Urges FCC to Encourage Greater Broadband Deployment Through Limited Regulation and Sensitivity to Unique Market Concerns
PITTSBURGH, July 21, 2008-Advocating for the elimination of regulatory and marketplace burdens that prevent the deployment of broadband services to small and rural communities across America, the American Cable Association (ACA) today urged the Federal Communications Commission (FCC) to be vigilant in its ongoing review of regulations that have a significant economic impact on small cable operators. This review will determine whether the rules should be amended or rescinded in order to free up resources and bandwidth for the deployment of greater broadband services in rural America.

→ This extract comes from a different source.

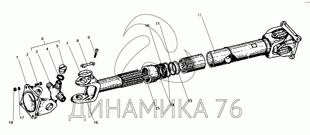 Перечень комплектующих от Карданный вал заднего моста на УРАЛ-55571-40

Addressing the Chairman and Commissioners from the FCC, Members of Congress and industry leaders, ACA President and CEO Matthew M. Polka delivered the Association’s remarks at the FCC’s public en banc hearing on broadband and the digital future, held at Carnegie Mellon University.
“ACA members are vital businesses and competitors in their communities and for consumers,” stated Mr. Polka. “Our members are offering broadband to their customers, in spite of the economic challenges typical of service providers in rural America. Our customers want broadband, and we are finding ways to offer it at reasonable prices even with increasing costs of running the business and supporting broadband services.”
Mr. Polka outlined the unique challenges impacting independent cable operators with a limited subscriber base that frequently hinder their ability to roll out advanced broadband services. The costs to upgrade systems are difficult to recoup; disperse customers lead to higher costs of network maintenance; and access to capital in small town America can be difficult.
Today’s comments at the hearing follow multiple filings by ACA to the FCC urging the Commission to put an end to discriminatory and harmful programming bundling and retransmission consent practices to ensure the continued deployment of broadband services in smaller markets and rural areas, not to mention giving consumers more choice and control over the programming they want to watch.
Mr. Polka concluded his remarks by urging the Commission to proceed with its rulemaking on tying and bundling and retransmission consent and to complete this process as soon as possible.
The full text of Polka’s remarks can be found at www.americancable.org.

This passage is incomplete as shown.